Mystery Behind the Uncanny Strength of a 2023 Solar Storm Solved by Scientists

In April 2023, Earth was hit by a surprisingly strong solar storm, and now scientists know the exact reason behind its unexpected strength. The storm unfolded on April 23 and was so strong that it managed to create intense auroras as far south as southern Texas, according to Daily Galaxy. The cause of this geomagnetic storm was deemed to be a particular coronal mass ejection (CME), essentially a cloud composed of magnetic fields and energetic particles released from the sun.

Scientists were surprised by the solar storm's strength, as the flare observed before this particular CME appeared to be weak. Solar flares and CMEs are interconnected phenomena often used by scientists to determine each other's strengths. According to the scientists' estimates, the solar flare and, by extension, the CME could not have produced such a strong storm. After around two years, scientists have finally resolved the mystery and explained it in The Astrophysical Journal.

Coronal Hole - Key to the Problem
The study claims that the solar storm's unexpected strength was due to the alignment between the CME's magnetic structure with respect to the Earth's magnetic structure. Researchers made this assertion based on data gathered by five heliophysics spacecraft across the inner solar system, according to NASA. The data helped the team detect a massive coronal hole near the CME's origin. Coronal holes are the areas where solar winds move at a higher-than-normal speed and influence the movement of CMEs.
Evangelos Paouris of the Johns Hopkins Applied Physics Laboratory in Laurel, Maryland, and the study's lead author, explained that the fast solar winds from this particular coronal hole acted as air currents and successfully moved the cloud away from its original straight-line path, forcing it closer to Earth's orbital plane. In addition to being deflected by the solar winds, the CME itself also rotated slightly during the whole phenomenon. The team suggests that the changes inflicted in the process caused the magnetic fields in CME to turn opposite to Earth's magnetic field. This state of affairs allowed more energy from the Sun to enter Earth's atmosphere and made the resultant solar storm stronger.
Intriguing Consequences of the Storm
NASA's GOLD (Global-scale Observations of Limb and Disk) mission observed a change in the thermosphere due to the storm. The mission gathered temperature readings of the middle thermosphere, the layer of atmosphere 85 to 120 miles above the surface, before, during, and after the storm. The readings indicated an increase in temperature during the solar storm. However, once it passed, there was not only a sharp decrease, but it was lower than what it was before the storm. There was a difference of around 90 to 198 degrees Fahrenheit between the prior and after storm temperatures in the middle thermosphere layer over the Americas.
These readings are significant, as they show how much drag can be experienced by Earth-orbiting satellites and space debris. "When the thermosphere cools, it contracts and becomes less dense at satellite altitudes, reducing drag," Xuguang Cai from the University of Colorado, Boulder, explained. "This can cause satellites and space debris to stay in orbit longer than expected, increasing the risk of collisions. Understanding how geomagnetic storms and solar activity affect Earth's upper atmosphere helps protect technologies we all rely on — like GPS, satellites, and radio communications," Cai added.
Predicting a Solar Storm
NASA scientists have a new and more accurate way to predict when a CME will trigger geomagnetic storms. For this new method, scientists have combined satellite observations with machine learning. Machine learning is essentially a kind of artificial intelligence, where a computer algorithm is fed data and instructed to identify patterns. The team has named it AI GeoCME and explained its features in the journal Solar Physics. Researchers took images collected by the NASA/ESA (European Space Agency) SOHO (Solar and Heliospheric Observatory). These images were focused on CMEs that reached the Earth, and the state of the Sun before, during, and after each CME. Thereafter, the researchers informed the AI which CMEs in the collection produced a geomagnetic storm.
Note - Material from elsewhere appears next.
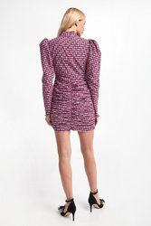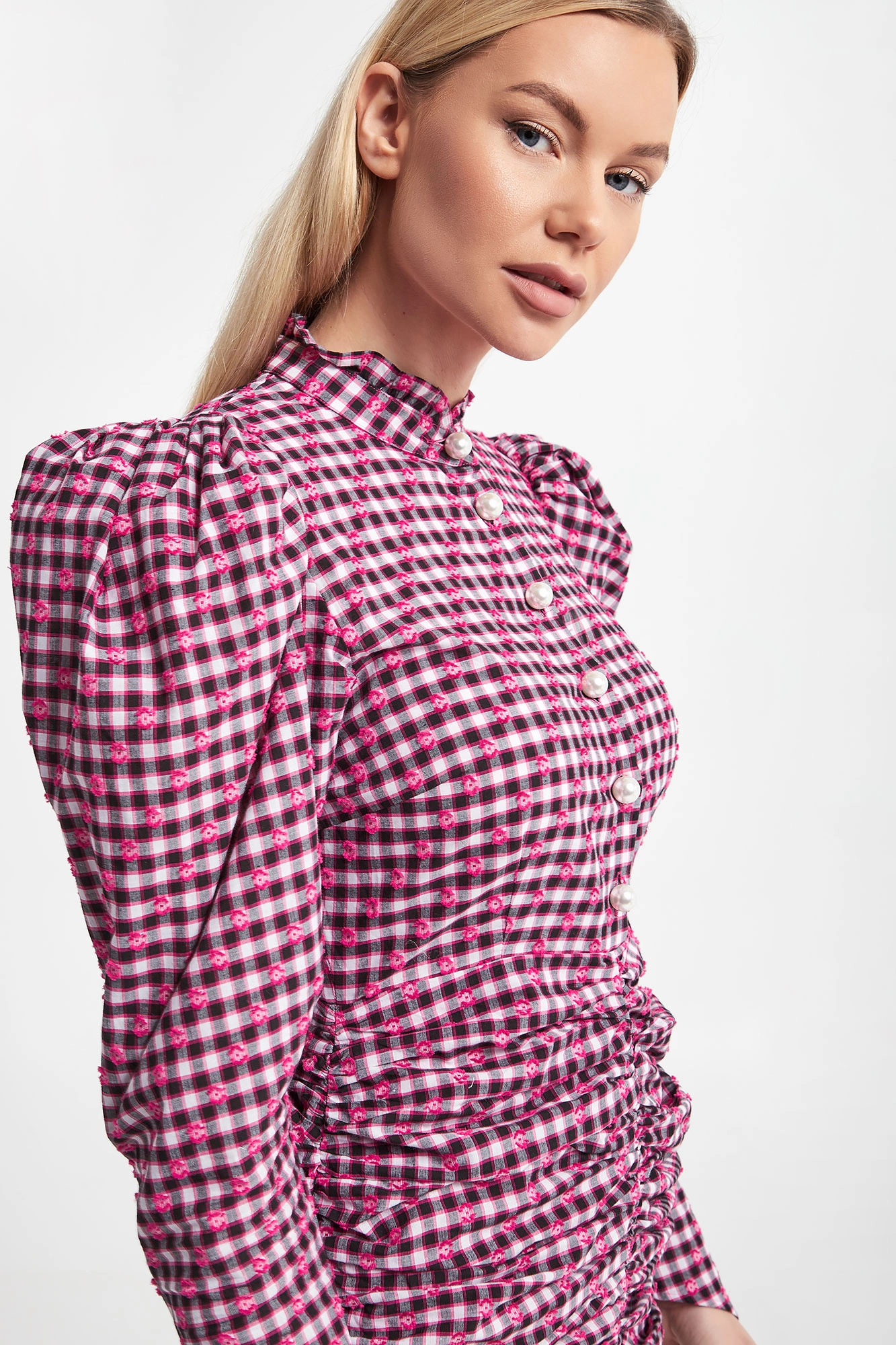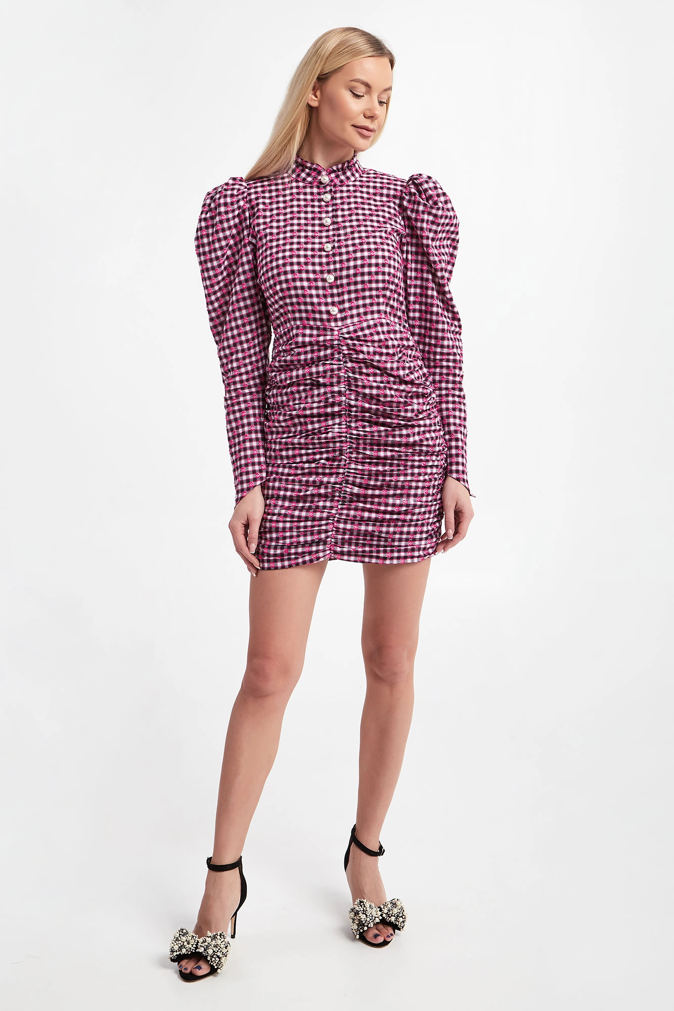 Sukienka w wielokolorową kratkę marki Custommade. Bufiaste rękawy ze skośnym zakończeniem. Haftowany, kwiecisty wzór. Dekolt ze stójką wykończoną falbanką. Guziki z perełkami. Model z marszczoną spódnicą. Fason typu slim, długość mini.
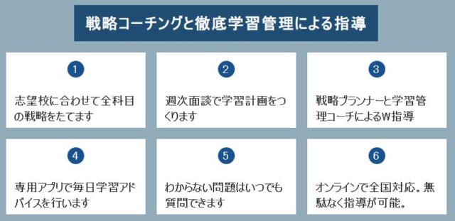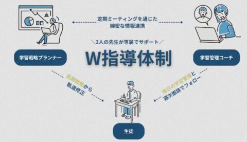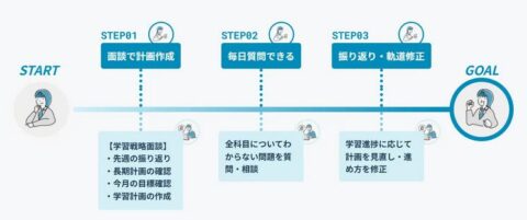 受験や教材戦略などの長期戦略は「学習戦略プランナー」が担当し、毎週のオンライン面談や日々の学習管理は「学習管理コーチ」が担当します。

Later, the AI was supplied a different set of images from SOHO, focusing on the same objects. The AI was able to predict all the CMEs that eventually triggered a geomagnetic storm, and out of the seven non-triggering CMEs, the AI predicted five of them correctly. "The algorithm shows promise," said heliophysicist Jack Ireland of NASA's Goddard Space Flight Center in Greenbelt, Maryland, who was not involved in the study. "Understanding if a CME will be geoeffective or not can help us protect infrastructure in space and technological systems on Earth. This paper shows that machine learning approaches to predicting geoeffective CMEs are feasible."